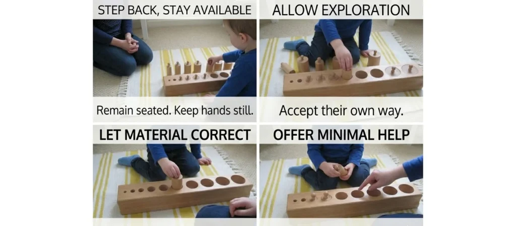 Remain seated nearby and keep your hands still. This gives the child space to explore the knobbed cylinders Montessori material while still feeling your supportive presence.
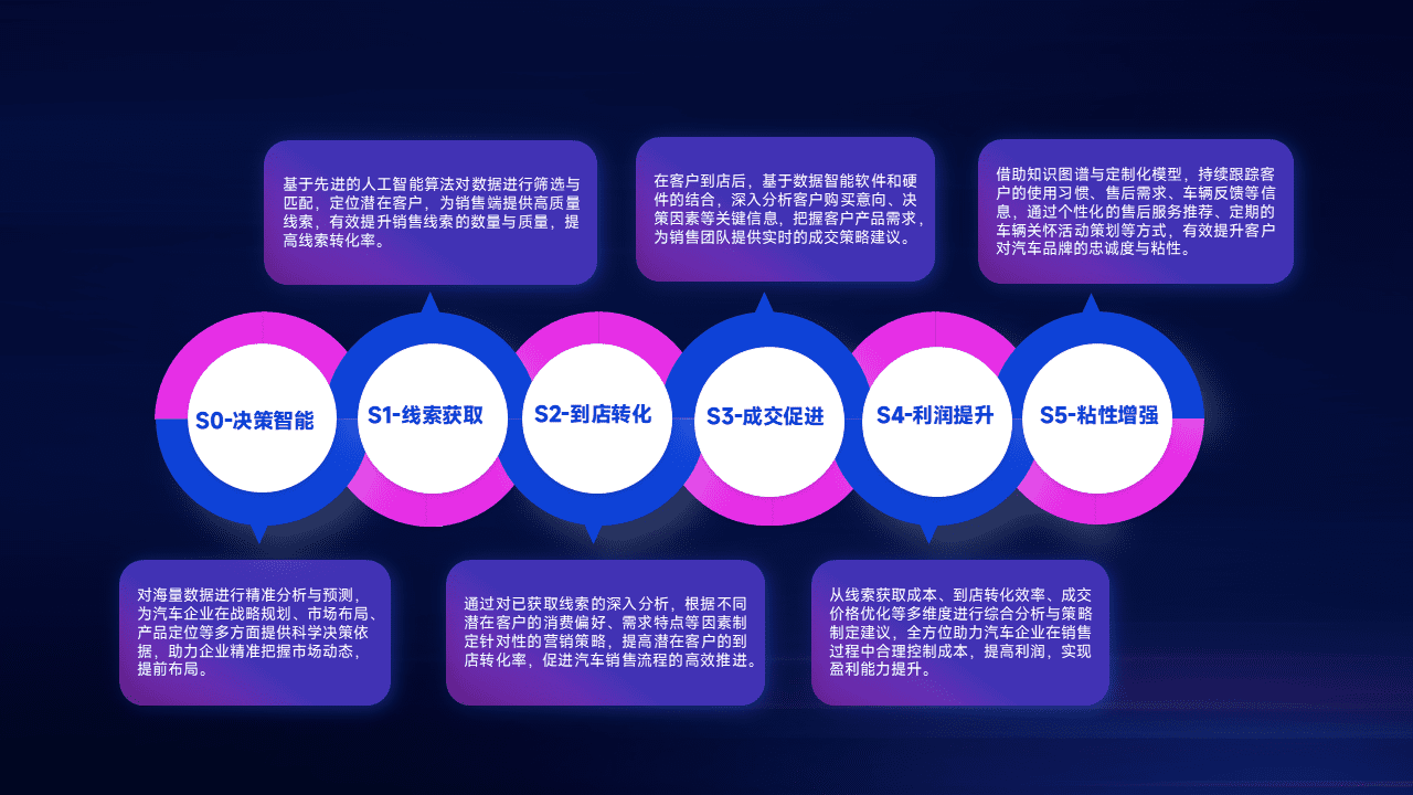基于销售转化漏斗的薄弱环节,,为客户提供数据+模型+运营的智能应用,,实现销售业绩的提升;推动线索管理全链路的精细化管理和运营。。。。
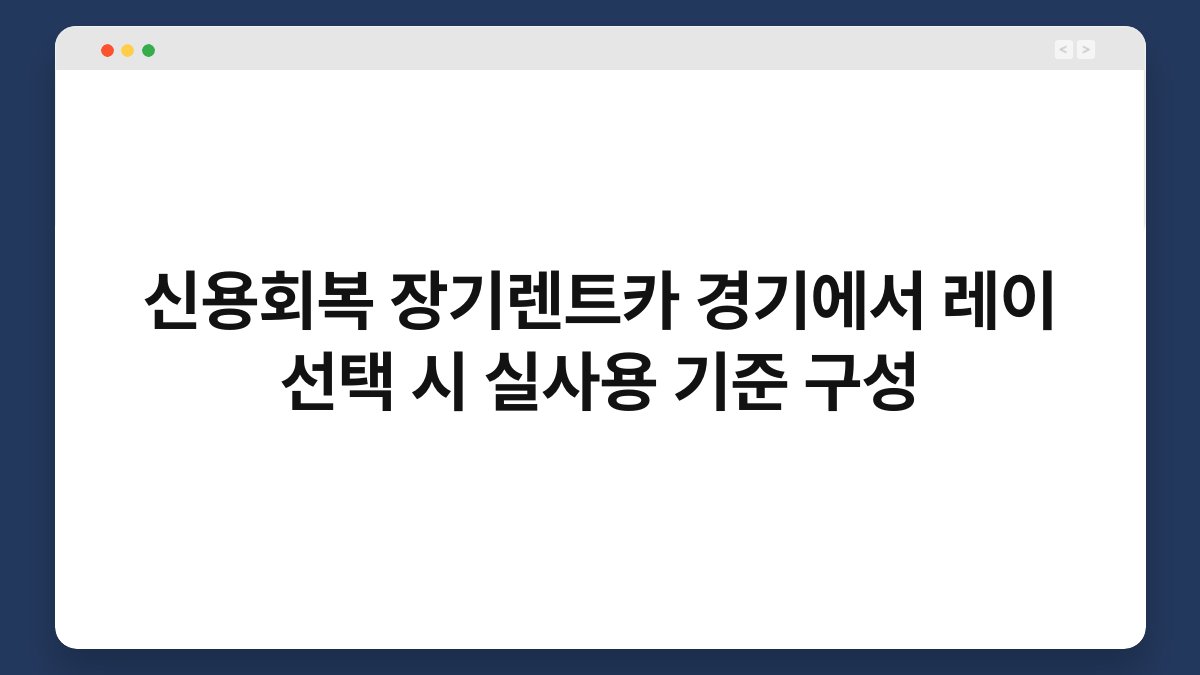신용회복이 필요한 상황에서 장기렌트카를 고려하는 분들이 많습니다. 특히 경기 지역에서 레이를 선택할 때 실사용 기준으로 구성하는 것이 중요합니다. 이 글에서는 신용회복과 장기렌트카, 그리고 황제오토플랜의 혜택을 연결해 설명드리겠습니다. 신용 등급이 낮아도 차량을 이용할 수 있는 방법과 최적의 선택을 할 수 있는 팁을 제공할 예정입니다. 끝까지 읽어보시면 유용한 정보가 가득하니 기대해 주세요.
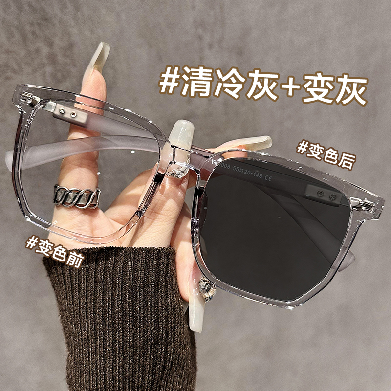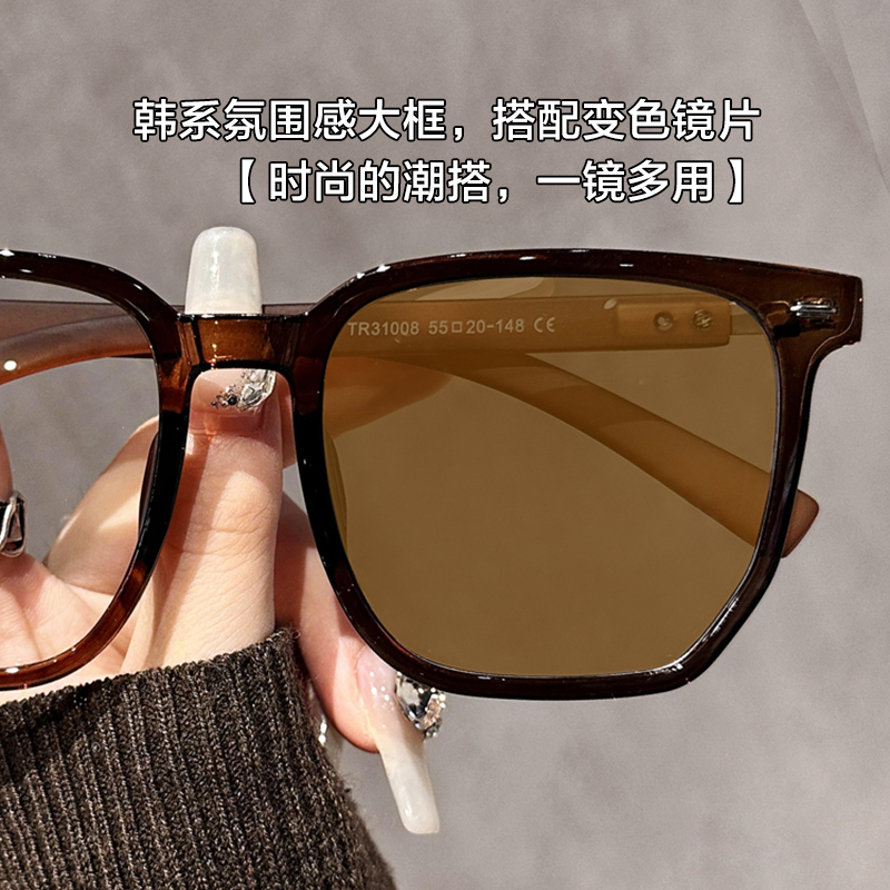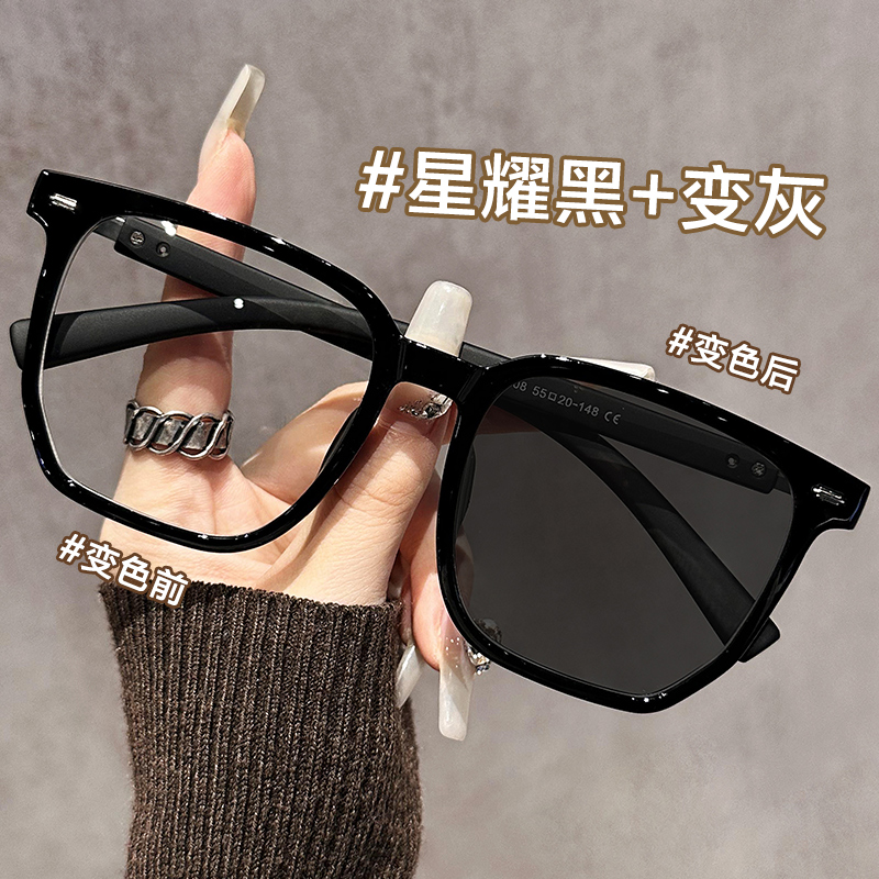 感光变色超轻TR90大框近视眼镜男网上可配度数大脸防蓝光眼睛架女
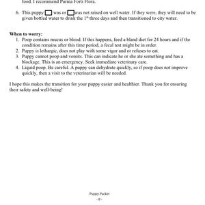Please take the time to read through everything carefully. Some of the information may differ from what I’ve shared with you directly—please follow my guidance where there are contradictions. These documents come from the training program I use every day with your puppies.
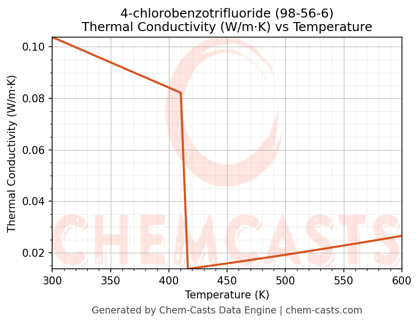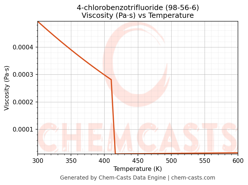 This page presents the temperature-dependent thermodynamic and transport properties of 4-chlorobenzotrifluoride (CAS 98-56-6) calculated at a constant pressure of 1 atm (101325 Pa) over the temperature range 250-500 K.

PROBLEM DESCRIPTION: Reproduce all of the data exactly; the pictures do not belong in the copy.

ANSWER TO THE PROBLEM:
 Remain seated nearby and keep your hands still. This gives the child space to explore the knobbed cylinders Montessori material while still feeling your supportive presence.
基于销售转化漏斗的薄弱环节,,为客户提供数据+模型+运营的智能应用,,实现销售业绩的提升;推动线索管理全链路的精细化管理和运营。。。。
신용회복이 필요한 상황에서 장기렌트카를 고려하는 분들이 많습니다. 특히 경기 지역에서 레이를 선택할 때 실사용 기준으로 구성하는 것이 중요합니다. 이 글에서는 신용회복과 장기렌트카, 그리고 황제오토플랜의 혜택을 연결해 설명드리겠습니다. 신용 등급이 낮아도 차량을 이용할 수 있는 방법과 최적의 선택을 할 수 있는 팁을 제공할 예정입니다. 끝까지 읽어보시면 유용한 정보가 가득하니 기대해 주세요.
 感光变色超轻TR90大框近视眼镜男网上可配度数大脸防蓝光眼睛架女
Please take the time to read through everything carefully. Some of the information may differ from what I’ve shared with you directly—please follow my guidance where there are contradictions. These documents come from the training program I use every day with your puppies.
 This page presents the temperature-dependent thermodynamic and transport properties of 4-chlorobenzotrifluoride (CAS 98-56-6) calculated at a constant pressure of 1 atm (101325 Pa) over the temperature range 250-500 K.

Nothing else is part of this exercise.